Yet on her drive back to the art gallery, alone in the dark, she admitted fibbing to herself.
She might not have touched Garrett, but she’d thought about it.
She might not have taken his personal comments seriously, but her heartbeat had been galloping like a young girl’s.
She might not have done anything wrong, but her disloyalty to Reed was still real. And wrong.
Most of the time she lived at her parents’ house, where she had a private suite of rooms on the second floor. Often enough, though, she worked late at the gallery and then just stayed in town. Tonight it was already too late to drive home, so she let herself in the back door of Color and slipped off her shoes.
Several years before, she’d converted a small anteroom off the first floor into a home away from home. She kept books, cosmetics, several changes of clothes there, but the room had slowly been filling up with the oddest assortment of treasures. A two-centuries-old Chinese desk, candles wrapped in a necklace of amethysts, a white fur rug by the bed, a narrow Louis XIV mirror…She shook her head at the wild assortment often enough. They were things she loved, but they certainly didn’t represent any standard decorating style.

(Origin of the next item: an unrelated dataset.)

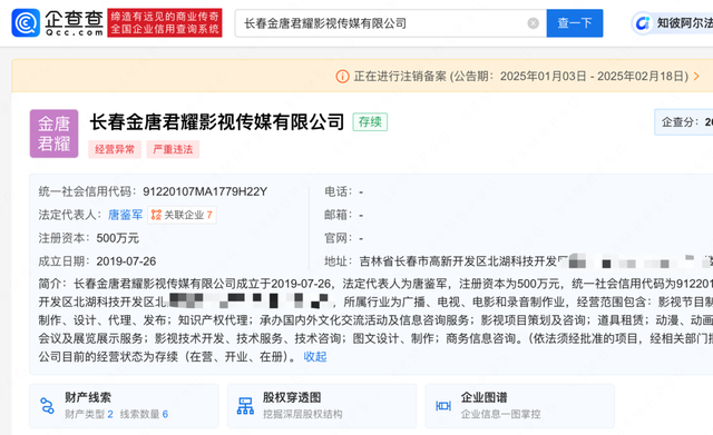 值得一提的是,唐鉴军持股51%的长春金唐君耀影视传媒有限公司因“异常名录满三年,仍未履行”于2023年7月被列入严重违法失信企业名单,该公司成立于2019年7月,注册资本500万元,唐鉴军担任法定代表人,该公司当前已发布注销备案公告,公告期自2025年1月3日至2025年2月18日。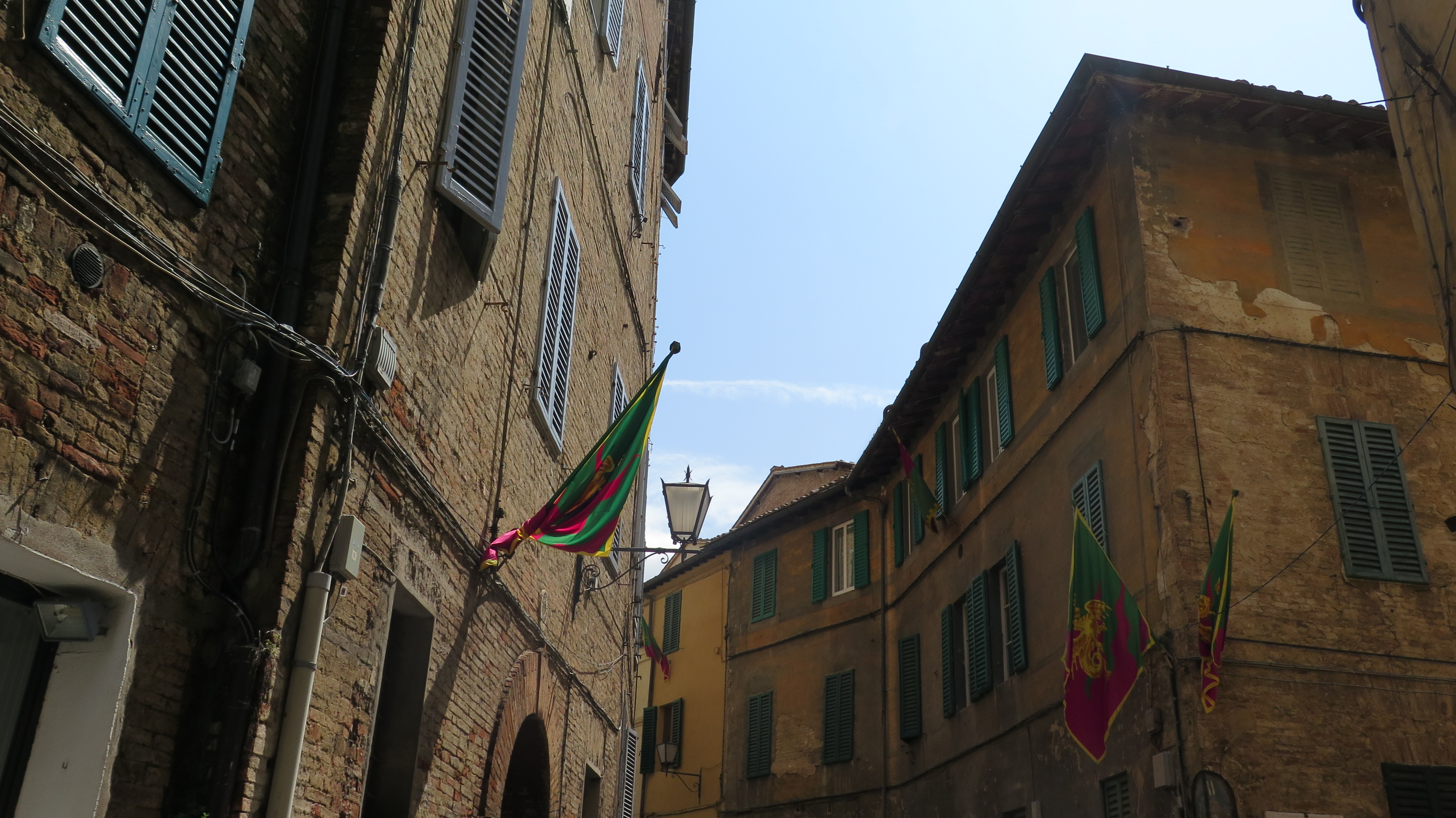 Siena es una ciudad de edificios medievales hechos en ladrillo; una ciudad de color homogéneo perfecta para una postal… Si por algo es famosa Siena, además de por su impresionante catedral , es por su plaza en forma de abanico, Piazza del campo, donde cada año se celebra El Palio y casualmente llegué con todo preparado para El Palio; la carrera de caballos de origen medieval que se remonta al siglo XV y conmemora la batalla que los Sieneses tuvieron contra los Florentinos; este evento se celebra todos los años los días 2 de julio y 16 de agosto, y es una de las fiestas históricas más importantes de Italia.

The silliest of all was a framed sign-Shall We Dance in the Kitchen?-that meant nothing at all, except that sometimes she wished she were that whimsical and romantic. Or that she could be.
Plunking down on the bed, she kicked off her shoes and phoned her parents to let them know she’d be staying in town, then got ready for bed and switched off the light. She was beat, yet somehow she lay there for hours, staring at the film of white curtains whispering in the window. Garrett refused to leave her mind.
It made no sense. He was the wrong man. Reed was the right man, the man she was supposed to be marrying. So why couldn’t she stop Garrett from haunting every corner of her thoughts?